ECE2022 Eposter Presentations Pituitary and Neuroendocrinology (211 abstracts)
1Hospital Gregorio Marañón, Endocrinología y Nutrición, Madrid, Spain; 2Hospital Gregorio Marañón, Medicina Interna, Madrid, Spain
Introduction: Insulinoma, despite its low incidence of 0.4%, it is the most common functioning pancreatic neuroendocrine tumor. Most are benign, solitary and sporadic. Around 10% can be malignant and 5-10% are part of MEN-1. On certain occasions, the differential diagnosis is difficult when there is a history of Diabetes Mellitus (DM). Our objective was to describe clinical-epidemiological data and its diagnostic-therapeutic management.
Materials and Methods: Retrospective study that used electronic records of 21 patients with a diagnosis of insulinoma confirmed by pathological anatomy treated at our Hospital from 2000-2020. Qualitative variables were described in frequencies.

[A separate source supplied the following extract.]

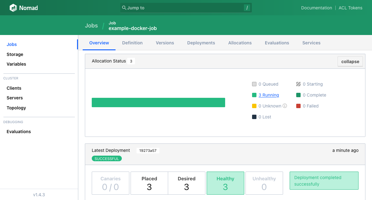 Open the Nomad web interface from one of the server nodes, as described in the previous section.

Shapiro-Wilk test was used to determine the normality of the variables. Data were represented according to median and interquartile range(p25-p75).

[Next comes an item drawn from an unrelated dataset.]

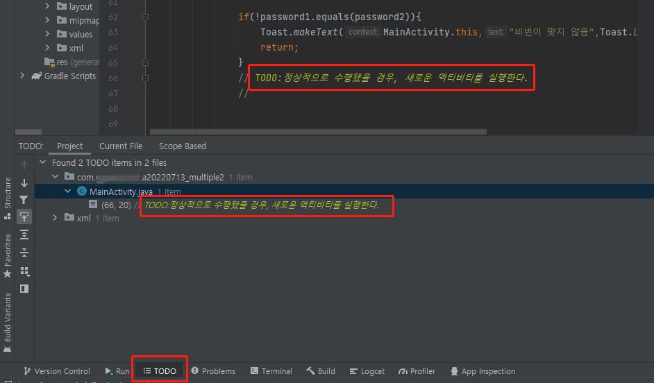 주석 표시를 하고 그 뒤에 TODO라고 적으면 자동으로 반영이 된다.

Results: 76.2% were women. The median age was 57 years(50-74). A median prior to diagnosis was 12 months(5-24). Of note, 3 patients had a previous history of DM2 and 16.7% had MEN-1. Within the laboratory parameters at diagnosis: basal insulin 18 mui/ml(11-37.9), basal C-peptide 1.61 ng/dl(1.1-2.3) and basal glucose 47 mg/dl(37-63). The most used functional test was the 72-hour fasting test; positive in all cases and in the first 24 hours(75%) and the rest in 24-48 hours (25%). Regarding non-invasive preoperative localization studies: the most application and with the best rate of correct localization was computed tomography (TC) (88.9% and 93.8% respectively), followed by magnetic resonance (RM) (42.9%) and abdominal ultrasound(19%). With a registered median size of 1.50 cm(1.3-2.1). The most frequent invasive preoperative localization study was ultrasound endoscopy(9.5%) and the most used intraoperative study was ultrasound(28.6%), which identified the tumor in all the patients. The treatment of choice was surgery in 90.4%; the majority surgical method was open approach(60%). The most frequent surgical complication was pancreatic fistula(17.6%). Four cases(20%) of malignant insulinomas were reported, all were multicentric and metastatic, predominant localization was liver. In relation to the pathological anatomy report, most were unicentric, most prevalence positive immunohistochemical markers were synaptophysin, chromogranin A and insulin. Ki67% had a median of 2%(1.5-5). The most common location was head and body(50%). Cure rates of 94.11% in benign cases and 25% in malignant cases were reported. No recurrences were recorded.
Conclusions: Insulinoma is a rare pancreatic tumor. CT or MRI are preferred non-invasive localization tests. The choice of treatment is pancreas-preserving surgery with a high cure rate. However, its morbidity and mortality increases when it is a malignant insulinoma.